Re: 2.6.24 regression: pan hanging unkilleable and un-straceable
From: Nick Piggin
Date: Sat Jan 26 2008 - 08:47:06 EST
On Sunday 27 January 2008 00:29, Frederik Himpe wrote:
> On di, 2008-01-22 at 16:25 +1100, Nick Piggin wrote:
> > > > On Tuesday 22 January 2008 07:58, Frederik Himpe wrote:
> > > > > With Linux 2.6.24-rc8 I often have the problem that the pan usenet
> > > > > reader starts using 100% of CPU time after some time. When this
> > > > > happens, kill -9 does not work, and strace just hangs when trying
> > > > > to attach to the process. The same with gdb. ïps shows the process
> > > > > as being in the R state.
> > > > >
> > > > > I pressed Ctrl-Alt-SysRq-T, and this was shown for pan:
> > > > > Jan 21 21:45:01 Anastacia kernel: pan R running task
> > > > > 0
> >
> > Nasty. The attached patch is something really simple that can sometimes
> > help. sysrq+p is also an option, if you're on a UP system.
> >
> > Any luck getting traces?
>
> I just succeeded to reproduce the problem with this patch. Does this
> smell like an XFS problem?
Possible. Though I think it is more likely to be a bug in the
new deadlock avoidance code in the generic buffered write path.

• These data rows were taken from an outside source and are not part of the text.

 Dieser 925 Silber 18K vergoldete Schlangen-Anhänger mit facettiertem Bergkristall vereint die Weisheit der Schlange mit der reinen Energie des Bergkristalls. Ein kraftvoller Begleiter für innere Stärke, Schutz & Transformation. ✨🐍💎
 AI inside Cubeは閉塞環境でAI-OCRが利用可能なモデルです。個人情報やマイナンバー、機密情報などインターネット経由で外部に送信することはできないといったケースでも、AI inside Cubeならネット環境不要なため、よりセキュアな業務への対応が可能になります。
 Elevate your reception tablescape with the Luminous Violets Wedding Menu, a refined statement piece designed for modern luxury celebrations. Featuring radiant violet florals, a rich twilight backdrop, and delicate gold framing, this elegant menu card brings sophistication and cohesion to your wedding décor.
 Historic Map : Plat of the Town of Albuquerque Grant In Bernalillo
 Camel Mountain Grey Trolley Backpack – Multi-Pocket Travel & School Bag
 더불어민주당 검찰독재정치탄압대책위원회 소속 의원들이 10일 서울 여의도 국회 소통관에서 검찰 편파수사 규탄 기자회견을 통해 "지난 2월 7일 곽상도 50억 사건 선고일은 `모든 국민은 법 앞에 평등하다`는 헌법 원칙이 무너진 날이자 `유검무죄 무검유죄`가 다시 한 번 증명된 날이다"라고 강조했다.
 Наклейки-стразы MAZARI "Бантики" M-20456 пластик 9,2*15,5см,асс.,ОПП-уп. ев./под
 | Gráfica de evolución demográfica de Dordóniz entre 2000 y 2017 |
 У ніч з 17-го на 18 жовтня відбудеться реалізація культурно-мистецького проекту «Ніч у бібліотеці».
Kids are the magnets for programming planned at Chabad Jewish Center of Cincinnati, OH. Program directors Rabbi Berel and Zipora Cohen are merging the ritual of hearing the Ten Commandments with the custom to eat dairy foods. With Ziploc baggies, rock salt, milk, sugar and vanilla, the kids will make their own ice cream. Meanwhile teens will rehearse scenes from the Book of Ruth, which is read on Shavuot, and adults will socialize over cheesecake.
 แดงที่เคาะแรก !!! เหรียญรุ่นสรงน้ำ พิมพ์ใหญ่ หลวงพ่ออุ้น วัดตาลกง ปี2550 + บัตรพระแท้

Dang... I wonder why this hasn't come up earlier. It looks like
pan's use of writev might be tickling it.
How quickly can you reproduce this?
Can you use strace to see what the hanging syscall looks like?
Thanks,
Nick
> Jan 26 14:17:43 Anastacia kernel: pan R running task 0
> 7564 1 Jan 26 14:17:43 Anastacia kernel: 000000003f5b3248
> 0000000000001000 ffffffff880c28b0 0000000000000000 Jan 26 14:17:43
> Anastacia kernel: ffff81003f5b3248 ffff81002d1ed900 000000002d1ed900
> 0000000000000000 Jan 26 14:17:43 Anastacia kernel: ffff810016050dd0
> fffff000fffff000 0000000000000000 ffff81002d1eda10 Jan 26 14:17:43
> Anastacia kernel: Call Trace:
> Jan 26 14:17:43 Anastacia kernel: [_end+127964408/2129947720]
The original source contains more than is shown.